# Forum Home Renovation Fences & Screens  Merbau Gate Frame - steel or timber

## oohsam

Hey guys, 
Im building some gates either side of my house. The hinge side will be bolted to a 100x100 cypress pine post that will be dynabolted into the brick work.  
I was going to make the frame of the gate from treated pine 90x45 and secure together with metal brackets.  
Will this frame for the gate be ok , or do I have to get a steel frame? 
Please advise.  
Regards

----------


## Vernonv

I like steel frames for gates (especially long/big/heavy gates) ... they will last forever and are less likely to drop over time.

----------


## oohsam

Headpin, 
What kind of timber r u speaking of. TP or hardwood?

----------


## oohsam

Problem is, I have no idea where to start working with steel. Unless I get someone to prefab the frame for me. That would be the only solution.

----------


## Bedford

I think Bunnings have 25mm RHS steel gate frames available, not sure how many sizes though. It would be worth a look as the steel one is the better way to go. :Smilie:

----------


## bpj1968

The Bunnings ones come in a range of sizes.  You buy the sides in the height you want and teh bottom/middle and top rails (These can be cut to fit the width needed.  Will cover most sizes you need, but they do work out a bit more expensive.  Have a look in your area for a steel fabricator.  It may not cost that much to have a simple frame welded up.

----------


## Bloss

A well made timber gate (with bracing going the correct way - from top corner to bottom hinge for timber!) will last a long time, but not always an easy job for DIY. Steel DIY kits as described (from Bunnies etc) work well and although higher cost to start with will give a more certain result. Putting on the boards is juts a matter of pre-drilling and using screws for fixing to metal.  :2thumbsup:

----------


## oohsam

Thanks guys, will go with the bunnies for the frame. 
I want the gate to be flush when it closes, which means the hinge will need to be mounted on the front side of the post instead of the inside of the post. Is this going to be ok? 
Also, will screws be ok to go into the metal gate frame? or will i need to weld?  
Cheers

----------


## oohsam

I went with steel from bunnies. They had the kit ones, but they only go to a max of 1 meter wide. I needed 1300 so I had to buy the pices indvidually. They are a massive pain in the a### to put together let me tell you..... 
The pices slot into each other, as they have pressed the joining ends. However, these presses are pretty dodgey, and once you put sleeve in its damn near imposible to get back out if you want to do a dry run. It almost killed me getting the pieces out. but I got it done eventually.  
When they are all together, its a top fit, but the process took me about 2 hours in total, from cuttign to fitting and mounting.

----------


## Terrian

> I went with steel from bunnies. They had the kit ones, but they only go to a max of 1 meter wide. I needed 1300 so I had to buy the pices indvidually. They are a massive pain in the a### to put together let me tell you..... 
> The pices slot into each other, as they have pressed the joining ends. However, these presses are pretty dodgey, and once you put sleeve in its damn near imposible to get back out if you want to do a dry run. It almost killed me getting the pieces out. but I got it done eventually.

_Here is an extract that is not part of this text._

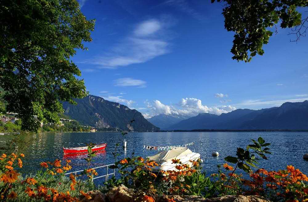 日內(nèi)瓦湖以勃朗峰橋?yàn)橹行模睾珗@四布,如激流公園、玫瑰公園、珍珠公園、英國(guó)花園、植物園,還有湖畔的花鐘。湖濱別墅連綿,紅墻碧瓦掩映在綠蔭叢中。花木扶疏,水色澄碧,素被視為人間勝境。

  Yes, like most things mass produced to a (very low) price the bits & pieces can be slightly out of wack.   

> When they are all together, its a top fit, but the process took me about 2 hours in total, from cuttign to fitting and mounting.

  and now you rest in the knowledge that the you will never have to worry about the gate dropping, 2 hours well spent  :Smilie:

----------